> **PROBLEM TO WORK ON**
Check every line below for the word "stamps" and show those that hold it.

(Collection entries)
>>>>>
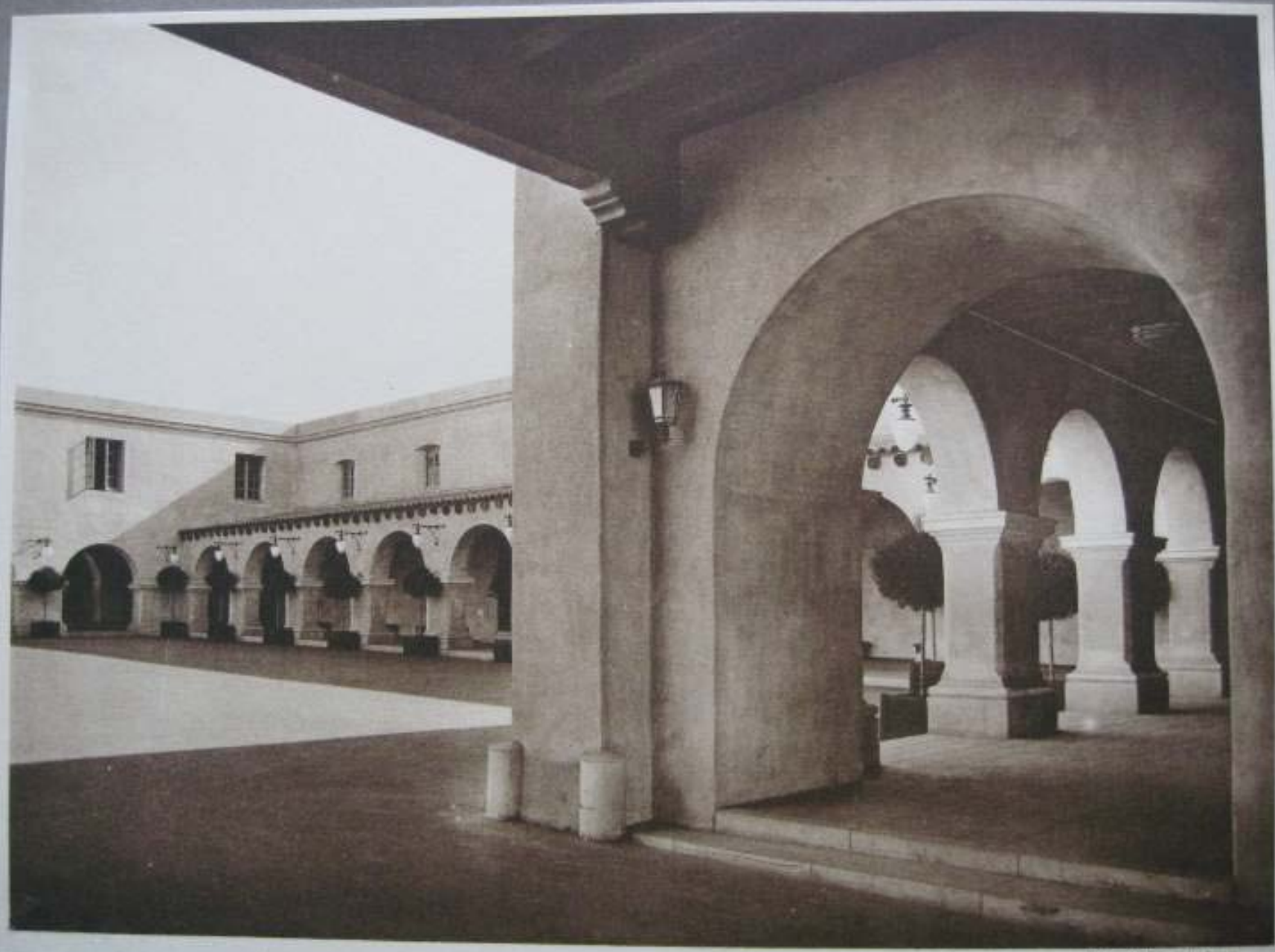
FINE ARTS BUILDING
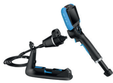
Quickly exchangeable probes with different diameters and working lengths
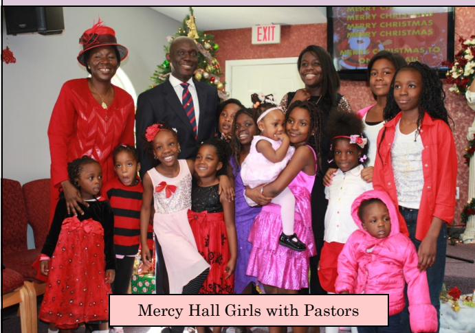
Mercy Hall Girls with Pastors
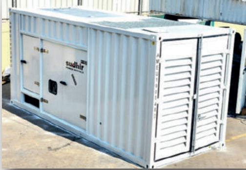
REFURBISHMENT OF ENCLOSURE WITH REMOTE RADIATOR & EXHAUST FANS
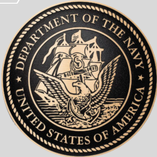
Live Sample Shown in Bronze
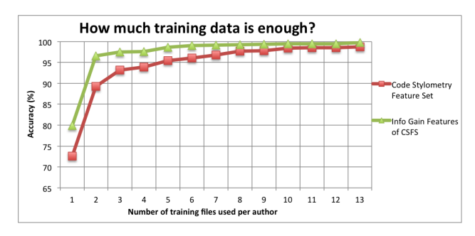
Figure 4: Training Data

length in implementing the same functionality. On the other hand, the average line of code of the 7 easier (76 LOC) or difficult problems (83 LOC) taken from contestants that were able to complete 14 problems, is higher than the average line of code (68) of contestants that were able to solve only 7 problems. This shows that programmers with better skills tend to write longer code to solve Google Code Jam problems. The mainstream idea is that better programmers write shorter and cleaner code which contradicts with line of code statistics in our datasets. Google Code Jam contestants are supposed to optimize their code to process large inputs with faster performance. This implementation strategy might be leading to advanced programmers implementing longer solutions for the sake of optimization.
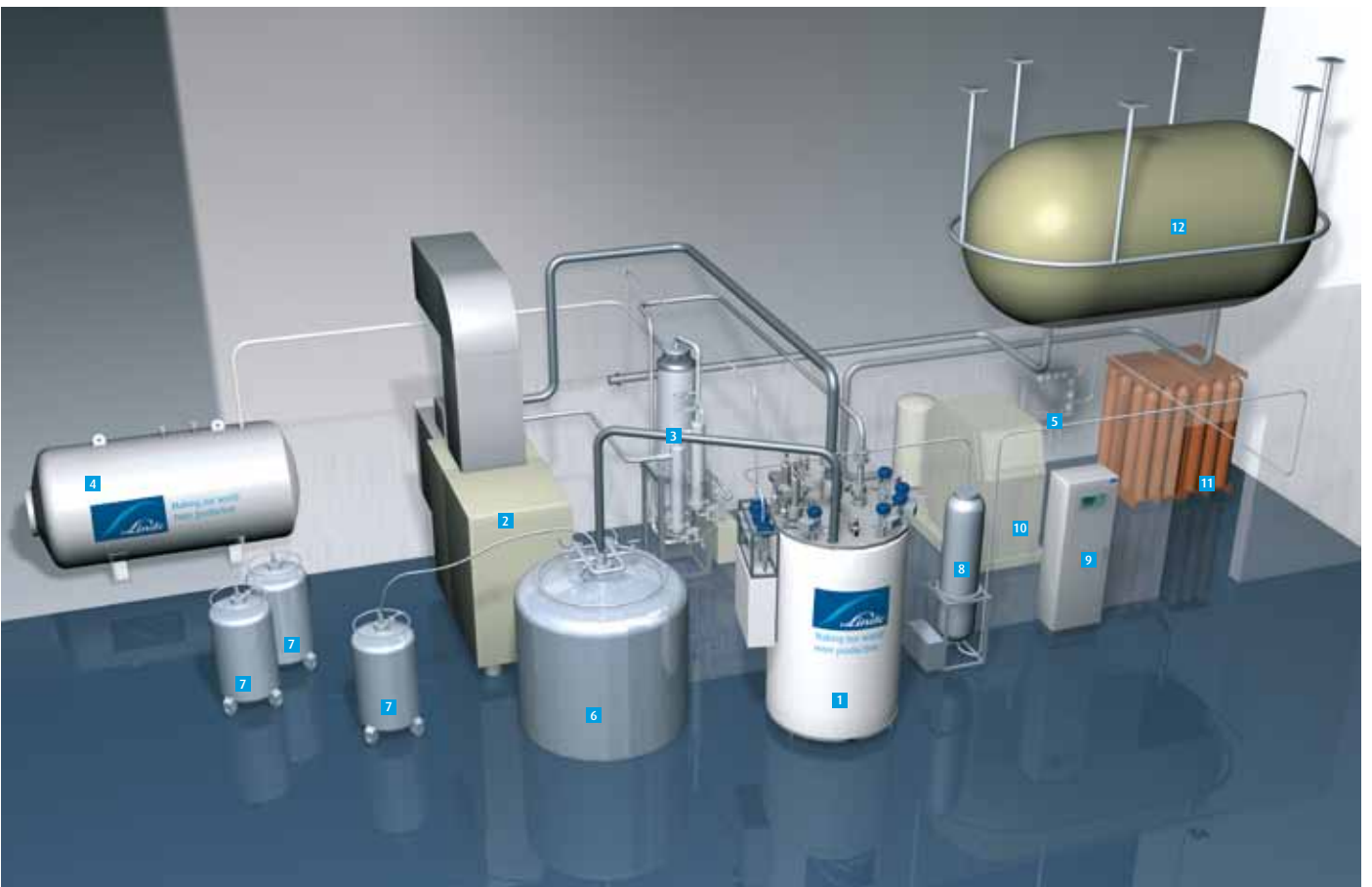
Helium liquefaction plant (side view)
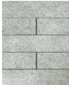
500 Antique Silver

CS34Z Antique Mirror Tile Mirrored 3" x 12" walls 20 pieces per box SF per box: 4.71
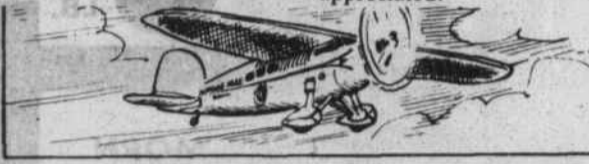
Flying in his plane, the Winnie Mae, Wiley Post completed the first round-the-world solo flight in 1933.

All support will be greatly appreciated.
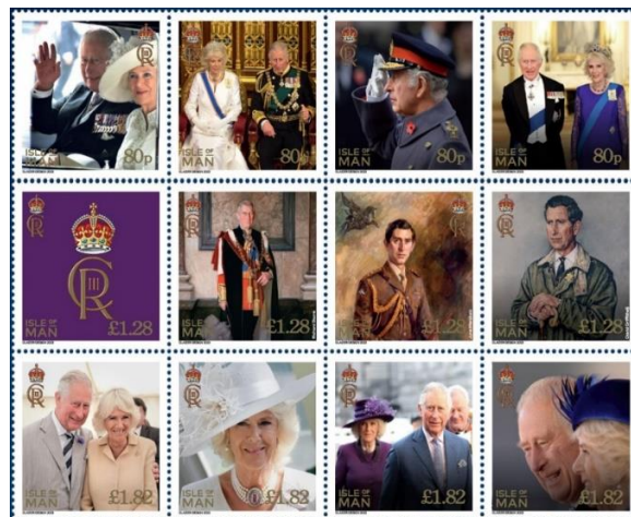
Isle of Man's set of twelve Coronation stamps

The Isle of Man celebrated King Charles III's Coronation with a set of 12 stamps featuring a mixture of images of the King and Queen Consort, along with portraits of His Majesty and his Royal Cypher.
<<<<<
> **REPLY**
Isle of Man's set of twelve Coronation stamps
The Isle of Man celebrated King Charles III's Coronation with a set of 12 stamps featuring a mixture of images of the King and Queen Consort, along with portraits of His Majesty and his Royal Cypher.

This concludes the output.